When boys asked to come on board, too — and to be in the showcase for the first time this year — Performing Ourselves changed its girl-centered mission to serve all youth.
The program is still self-supporting through grants, and does not charge its K-12 dancers or community centers to participate. Performing Ourselves also makes a point to pay its student teachers a “fair wage,” said LeFeber, “because we want to teach them that what they do has value, which doesn’t always happen in the world of the arts.”

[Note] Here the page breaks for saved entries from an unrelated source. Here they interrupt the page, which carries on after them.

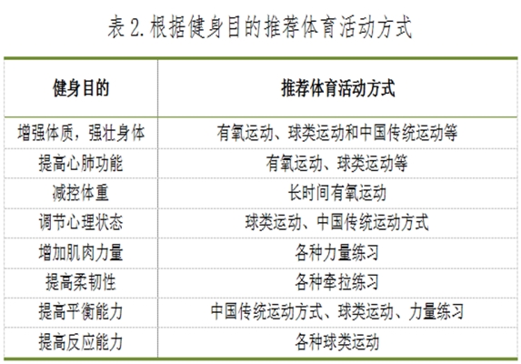 根据运动健身目的推荐的体育活动方式见表2。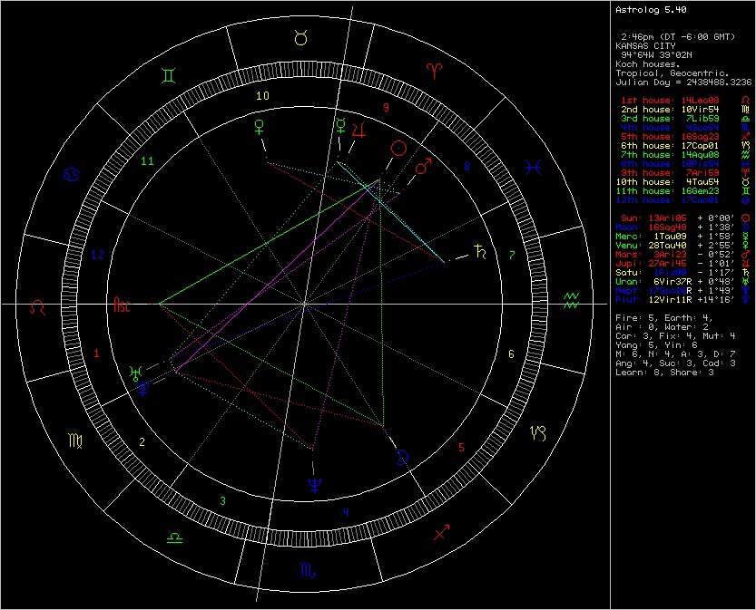 After downloading the software and unzipping it, launch the ap ASTROLOG. From the Info menu select set chart info. Enter your information and voila! If you're not an astrologer, it's not going to make sense, so print it out or save the settings as your birth day. You'll have something like this.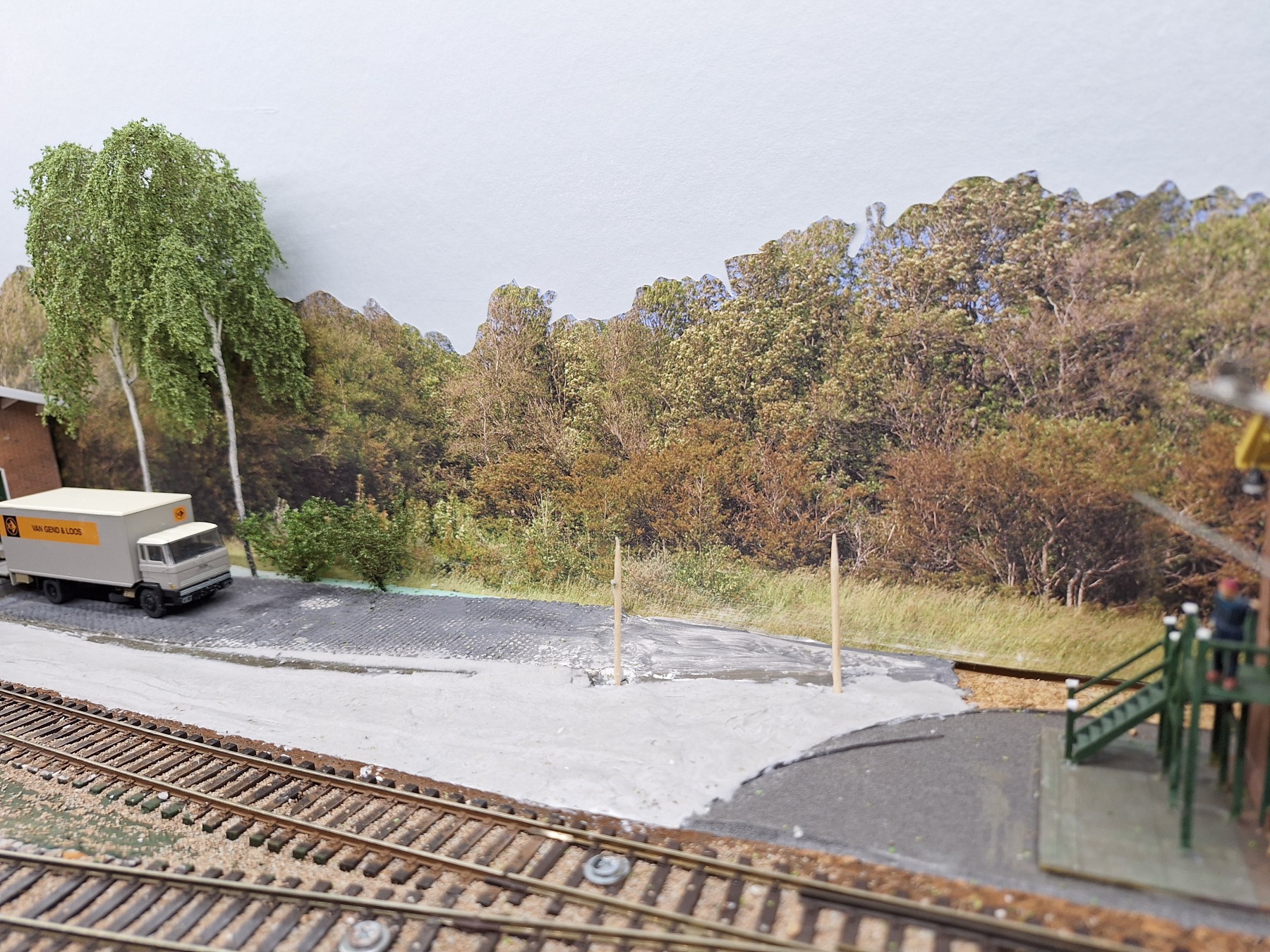 Voor het straatspoor en een talud naast het spoor is luchtdrogende klei van Action ingezet. Is goed en makkelijk te verwerken. De droogtijd is minimaal 12u, maar na droging is het goed te bewerken (het wordt keihard). De verwerkingstijd is aanzienlijk zodat je lekker door kunt boetseren.

The instructors get extra training in dance education skills, components of dance therapy and teaching “resiliency,” as well as cultural awareness.
“Dance can be a very privileged art,” LeFeber explained. Many college students grew up training in private dance studios, and “they’ve never had to push chairs away on a carpeted floor (in a community center) and had to find a way to make it work.”
Elisa Hildner, a UW-Madison sophomore who has been dancing since age 3, already had worked in a summer program and taught youth dance when she heard about Performing Ourselves. Now she leads students at East Madison Community Center as they learn to blend the style of dance they know best — hip-hop — with some contemporary dance technique. The dancers take the lead on the choreography.
“It’s more about moving the body and expressing yourself,” said Hildner, who said that working with Performing Ourselves has made her recognize and try to overcome the “clear divide” that exists between the black and white communities in Madison.
But she’s also seen her young students mature, and “really come together as a group, because they want to make a great dance.”
Saturday’s performance will include about 100 dancers from the Allied Learning Center, East Madison Community Center, Elver Park Neighborhood Center, Goodman Community Center, Kennedy Heights Community Center, Lussier Community Education Center and Vera Court Neighborhood Center.
The show is intentionally performed in the Margaret H’Doubler Performance Space in Lathrop Hall to bring families to the university campus, and to spotlight the dancers in a fully produced show.
At show’s end, “Everybody gets a rose, and it feels good,” said 12-year-old Shay Sayles, a sixth-grader at O’Keeffe Middle School who has danced with Performing Ourselves for four years.
The program “is fun — it’s really fun,” she said. “You get to dance with others and make new friends. You get compliments, too.”
As for the piece her teen group choreographed for Saturday’s showcase, “Our entire dance is made of dance moves,” Shay said, “but the moves are all from us.”